LINDENSCHMIED führt ihn vor. Aber mit dem Gewissen? Und von wegen mit dem da drüben?

FREI. Vorurteil. Nichts weiter, sag' ich Euch.

LINDENSCHMIED. Hab's immer gedacht das; aber sonst durfte man so was nicht sagen.

FREI. Dem Volk haben sie von Himmel und Hölle weisgemacht, damit der gnädige Herr seine Hasen allein behalten sollte. Den armen Leuten haben sie von Kind an ein Gewissen eingetrichtert, damit sie sich's gefallen lassen sollten, wenn die Reichen herrlich und in Freuden lebten.

LINDENSCHMIED. Und er ist im Heimlichen Grund? Der Wirt wird aufmerksam.[56]

FREI. Wer?

LINDENSCHMIED. Der – Knöpft sich ein.

FREI. Wo wollt Ihr hin?

LINDENSCHMIED. Schulden bezahlen, eh' die Welt neu wird. Während er Andres verstohlen beobachtet, mit der Linken in der Westentasche, um den Wirt zu bezahlen. Kann's nur nicht herauskriegen da mit der –

FREI. Eure Finger an der Linken sind steif –

LINDENSCHMIED mit Gebärde. Die an der Rechten werden noch krumm.

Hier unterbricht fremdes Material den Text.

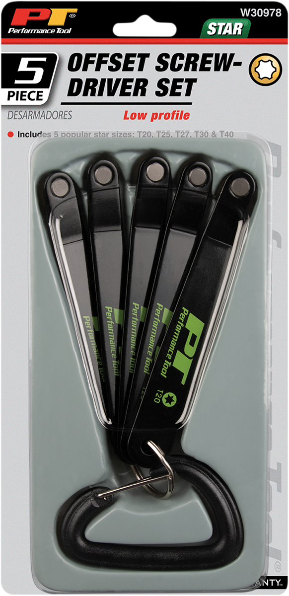 Great for everyday projects at home, garage, shop and office such as automotive fasteners, electronics, home appliances, equipment and moreLow profile design feature 3/8" (10 mm) clearance and 15º offset angle for improved access for hard to reach fastenersIncludes key ring and carabiner clip for convenient organization and compact storage5 popular star sizes: T20, T25, T27, T30, T40

FREI. Habt Ihr einen Fluß gehabt?

LINDENSCHMIED heiser lachend. Ja, einen bleiernen. Zwei Lot Pulver und drei Schrot. Er spricht immer gedämpft, um den Andres nicht zu wecken. Ein Denkzettel von dem da im Heimlichen Grund –

FREI. Vom Buchjäger?

LINDENSCHMIED. Weil ich Taler schlug aus dem Strahlauer Herrn seinen Rehen. Lief ungemünztes Geld genug im Wald herum.

FREI. Noch eins, Wirt! Gibt dem sein Glas.

LINDENSCHMIED in sich verloren, allein im Vordergrund. Sechsmal lief ich hinaus, wo er vorbeikommen sollte; aber er kam mir nicht. Damals war das Gewissen noch Mode. Da dacht' ich: jetzt soll's nicht sein, und verschob's, wenn er mir einmal von selber käme, so daß ich sehn müßte, es sollte sein. Nächte lang hat's mich gewürgt wie der Alp und von meinem Blut gezehrt, daß ich nicht an ihn sollte, und jetzt – hahaha! Lacht krampfhaft kurz, weckt sich damit aus seinen Gedanken und sieht sich betreten um.

FREI. Habt Ihr gelacht, Lindenschmied?

LINDENSCHMIED. Weiß nicht, ob ich's war.

FREI. Ihr habt eine kuriose Lache. Geht Ihr mit, Lindenschmied? Ins Herzogliche?

LINDENSCHMIED schlägt ihn auf die Schulter. Mann, jetzt ist Freiheit! Hab meinen eignen Weg.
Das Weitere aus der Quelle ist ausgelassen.